### WORK INSTRUCTIONS
Leave out the pictures and output the data verbatim.

### PROVIDED MATERIAL

****

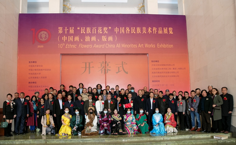 2020年11月1日,由中国美术家协会、中国少数民族美术促进会、中央民族大学、山东省聊城市高唐县人民政府共同主办的第十届“民族百花奖”——中国各民族美术作品展览(中国画、油画、版画),在北京民族文化宫正式开幕!
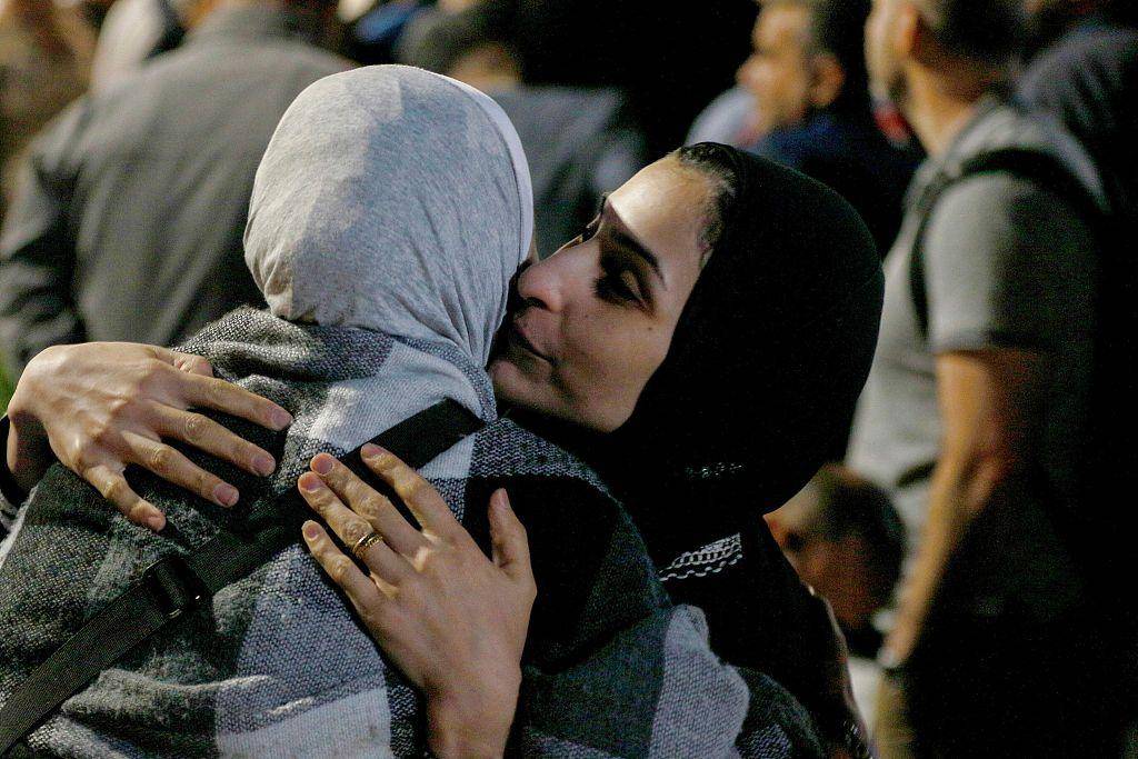 当地时间2024年4月24日,约旦安曼,从苏丹撤离的约旦公民乘坐军用飞机抵达军用机场,一个撤离后的拥抱。视觉中国 图
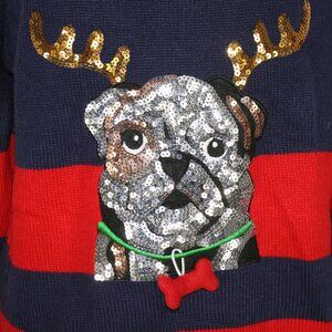 HOLIDAY TIME Sweater Bulldog Moose Knit Christmas Ugly Sequin Antler Stripe Red

****

### RESULT FOR THIS TASK
 2020年11月1日,由中国美术家协会、中国少数民族美术促进会、中央民族大学、山东省聊城市高唐县人民政府共同主办的第十届“民族百花奖”——中国各民族美术作品展览(中国画、油画、版画),在北京民族文化宫正式开幕!
 当地时间2024年4月24日,约旦安曼,从苏丹撤离的约旦公民乘坐军用飞机抵达军用机场,一个撤离后的拥抱。视觉中国 图
 HOLIDAY TIME Sweater Bulldog Moose Knit Christmas Ugly Sequin Antler Stripe Red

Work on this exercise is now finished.